- Opening Delimiter -

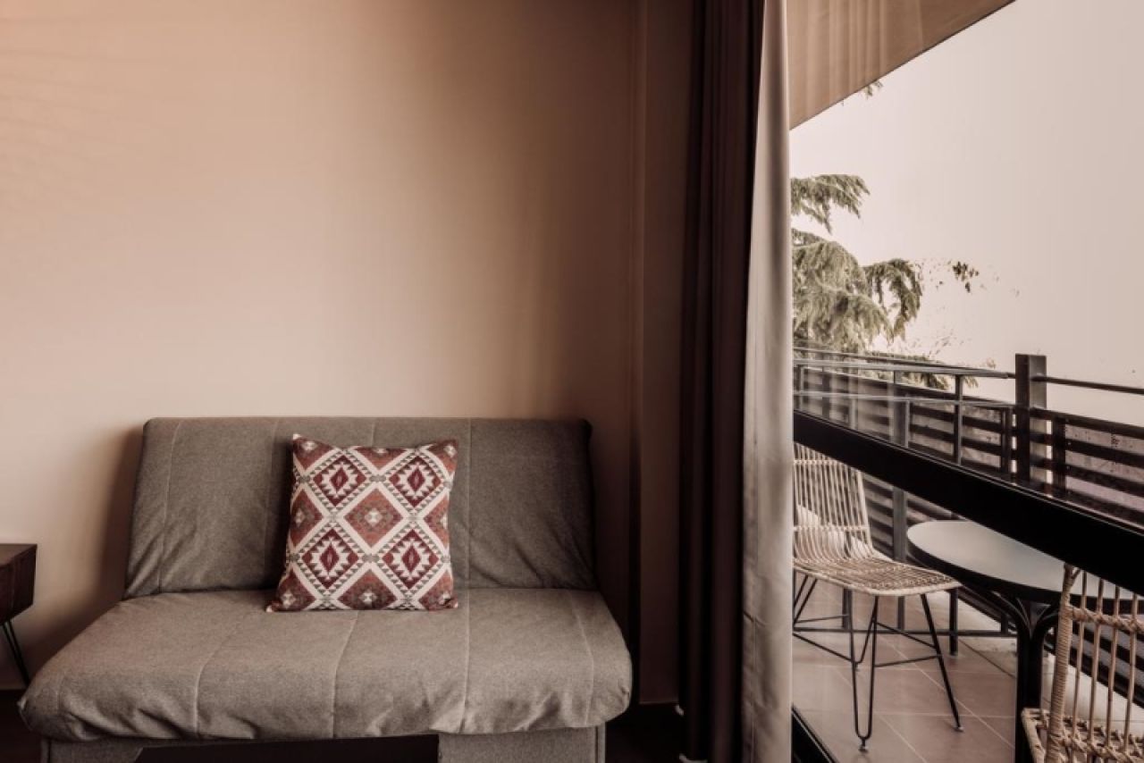 3 Studio Parkra néző: kb. 40 m2; két különálló ágy 100/200, kihúzható kanapé, bútorozott erkély, egyéni klíma, szárító, műholdas TV, telefon, minibár (fizetős), széf (ingyenes), internet-hozzáférés (Wi-Fi, ingyenes), fürdőszoba káddal vagy zuhanyzóval, bidé, hajszárító, telefon, törölközők.
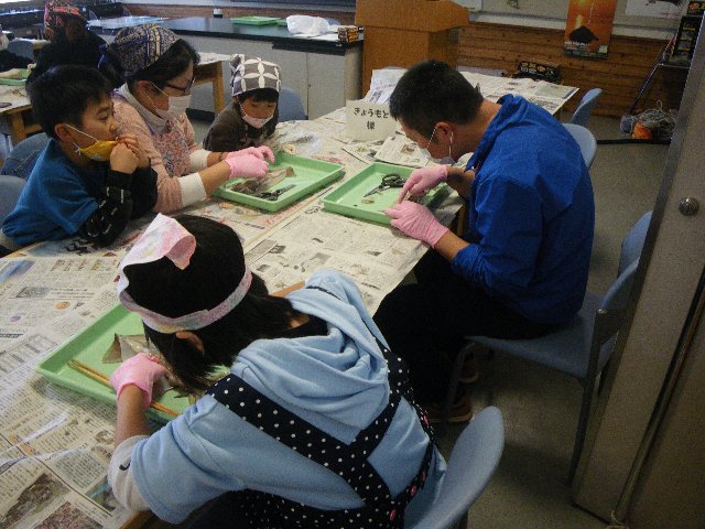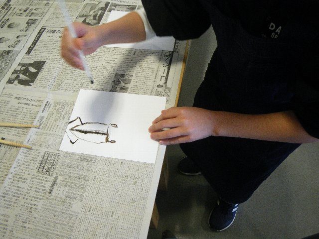 はじめに海浜自然センターの職員がイカの生態についての講義をした後、スライドを使って解説をしながらイカの解剖を行いました。解剖の途中で、イカの墨袋を取り出し、割り箸の先で画用紙に思い思いの絵を描きました。
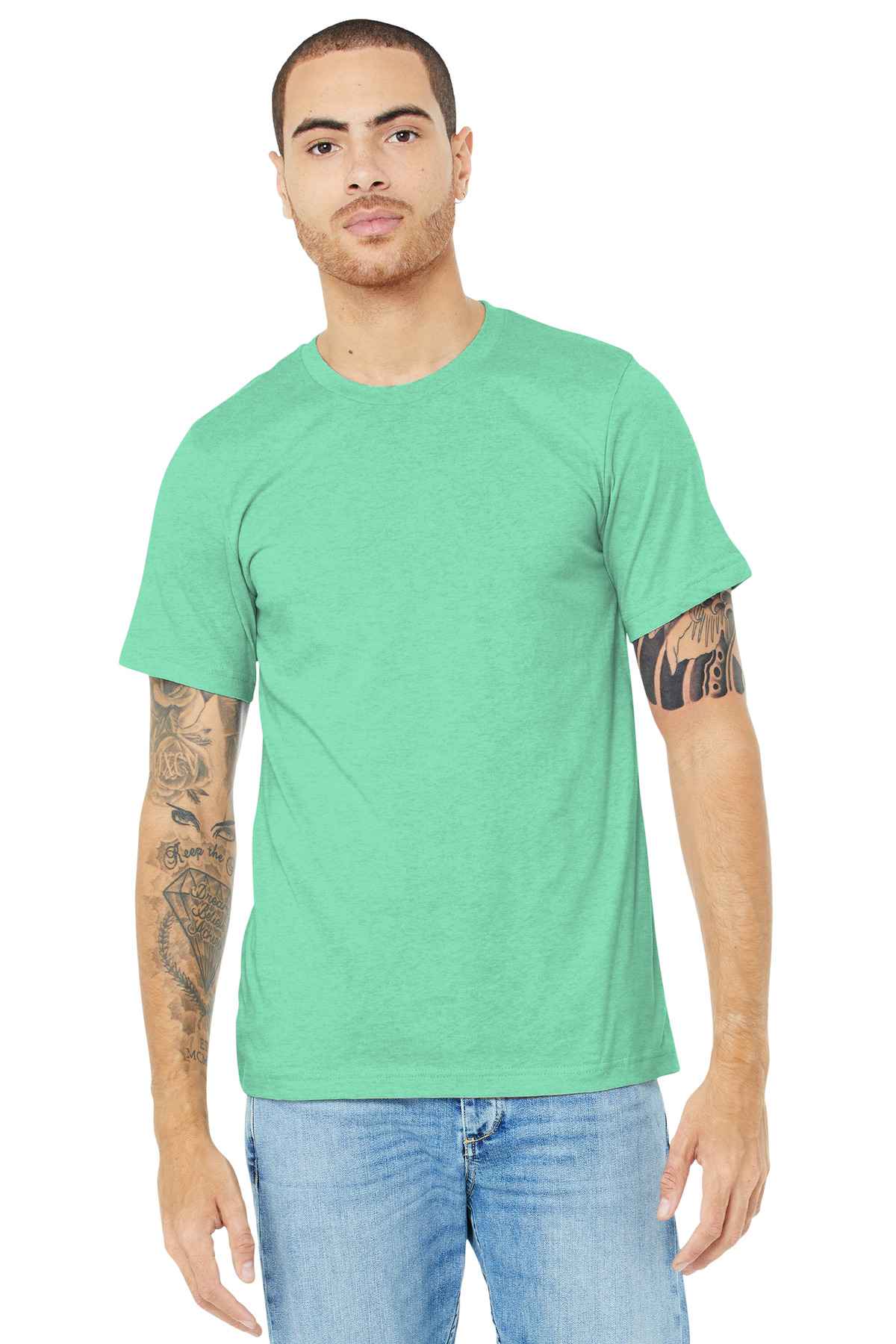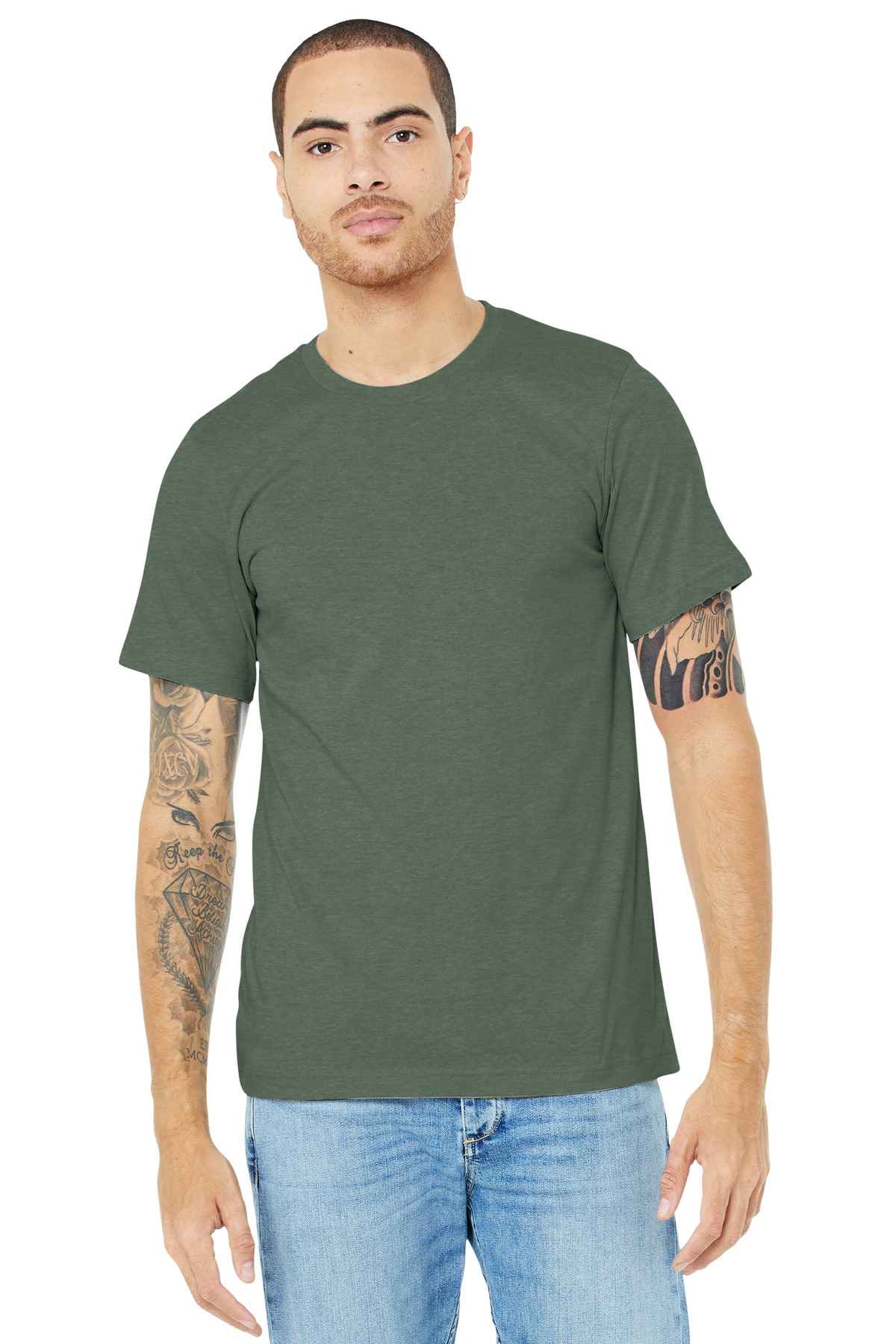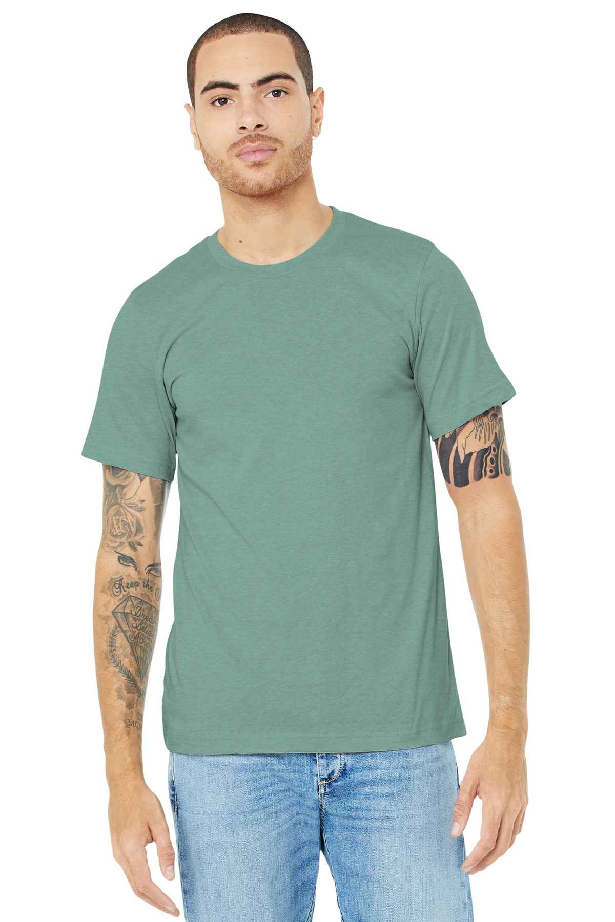Retail fit Tear-away label Side seamed Shoulder taping Athletic Heather/Black Heather: 4.2-ounce, 90/10 Airlume combed and ring spun cotton/poly, 32 singles Heather CVC/Solid CVC Blend Colors: 52/48 Airlume combed and ring spun cotton/poly Prism: 99/1 Airlume combed and ring spun cotton/poly

- Closing Delimiter -

▶ Activity
When repeating the listing, keep each line exact and exclude the pictures.

▶ Result
 3 Studio Parkra néző: kb. 40 m2; két különálló ágy 100/200, kihúzható kanapé, bútorozott erkély, egyéni klíma, szárító, műholdas TV, telefon, minibár (fizetős), széf (ingyenes), internet-hozzáférés (Wi-Fi, ingyenes), fürdőszoba káddal vagy zuhanyzóval, bidé, hajszárító, telefon, törölközők.
 はじめに海浜自然センターの職員がイカの生態についての講義をした後、スライドを使って解説をしながらイカの解剖を行いました。解剖の途中で、イカの墨袋を取り出し、割り箸の先で画用紙に思い思いの絵を描きました。
Retail fit Tear-away label Side seamed Shoulder taping Athletic Heather/Black Heather: 4.2-ounce, 90/10 Airlume combed and ring spun cotton/poly, 32 singles Heather CVC/Solid CVC Blend Colors: 52/48 Airlume combed and ring spun cotton/poly Prism: 99/1 Airlume combed and ring spun cotton/poly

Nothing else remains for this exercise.